What is [H+], [OH-], pH, and pOH for a 0.048mol/L solution of the weak benzoic acid, C6H5COOH?
To find the concentrations of [H+], [OH-], pH, and pOH for a solution of benzoic acid, we need to use the dissociation constant of the acid, also known as Ka.

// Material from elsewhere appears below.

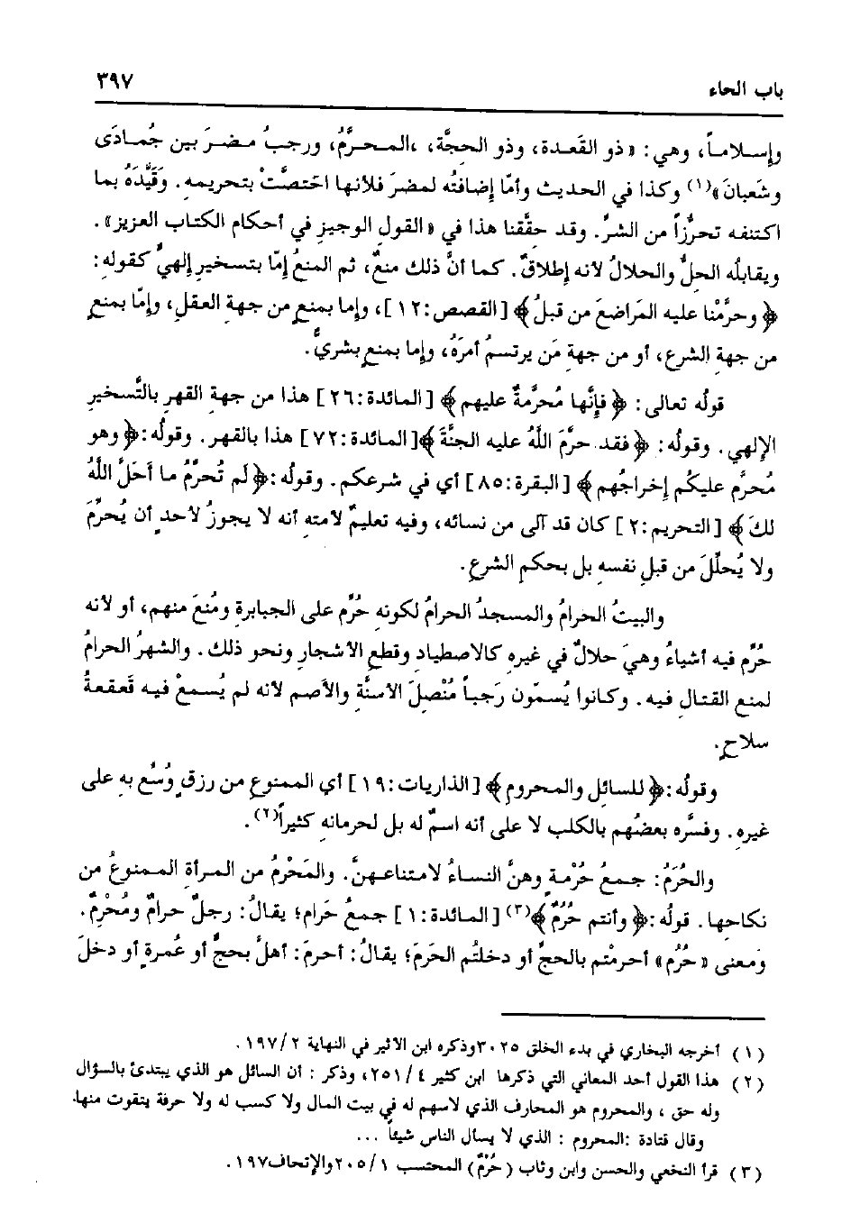 والبيت الحرام والمسجد الحرام لكونه حرم على الجبابرة ومنع منهم، أو لأنه حرم فيه أشياء وهي حلال في غيره كالاصطياد وقطع الأشجار ونحو ذلك. والشهر الحرام لمنع القتال فيه. وكانوا يسمون رجبا منصل الأسنة والأصم لأنه لم يسمع فيه قعقعة سلاح.

First, let's write the dissociation equation for benzoic acid:
C6H5COOH ⇌ C6H5COO- + H+
The Ka expression for benzoic acid is:
Ka = [C6H5COO-][H+] / [C6H5COOH]
Since benzoic acid is a weak acid, we can assume that the concentration of [C6H5COO-] is approximately equal to the concentration of [H+]. So we have:
Ka = [H+]^2 / [C6H5COOH]
Rearranging the equation, we get:
[H+]^2 = Ka * [C6H5COOH]
[H+] = sqrt(Ka * [C6H5COOH])
Now, we can calculate the values:
Step 1: Calculate [H+]:
[H+] = sqrt(Ka * [C6H5COOH])
= sqrt(6.3 * 10^-5 * 0.048)
≈ 0.0035 mol/L
Step 2: Calculate [OH-] using the equation:
[OH-] = Kw / [H+]
= 1.0 * 10^-14 / 0.0035
≈ 2.9 * 10^-12 mol/L
Step 3: Calculate pH using the equation:
pH = -log[H+]
= -log(0.0035)
≈ 2.46
Step 4: Calculate pOH using the equation:
pOH = -log[OH-]
= -log(2.9 * 10^-12)
≈ 11.54
Therefore, for the given solution of benzoic acid (0.048 mol/L), the values are:
[H+] ≈ 0.0035 mol/L
[OH-] ≈ 2.9 * 10^-12 mol/L
pH ≈ 2.46
pOH ≈ 11.54
C6H5COOH = HB
........HB ==> H^+ + B^-
I.......0.048...0....0
C........-x.....x....x
E.....0.048-x...x.....x
Ka = ? = (H^+)(B^-)/(HB)
You should find Ka in your text or notes. Substitute and solve for x = (H^+) and convert that to pH, pOH, and (OH^-).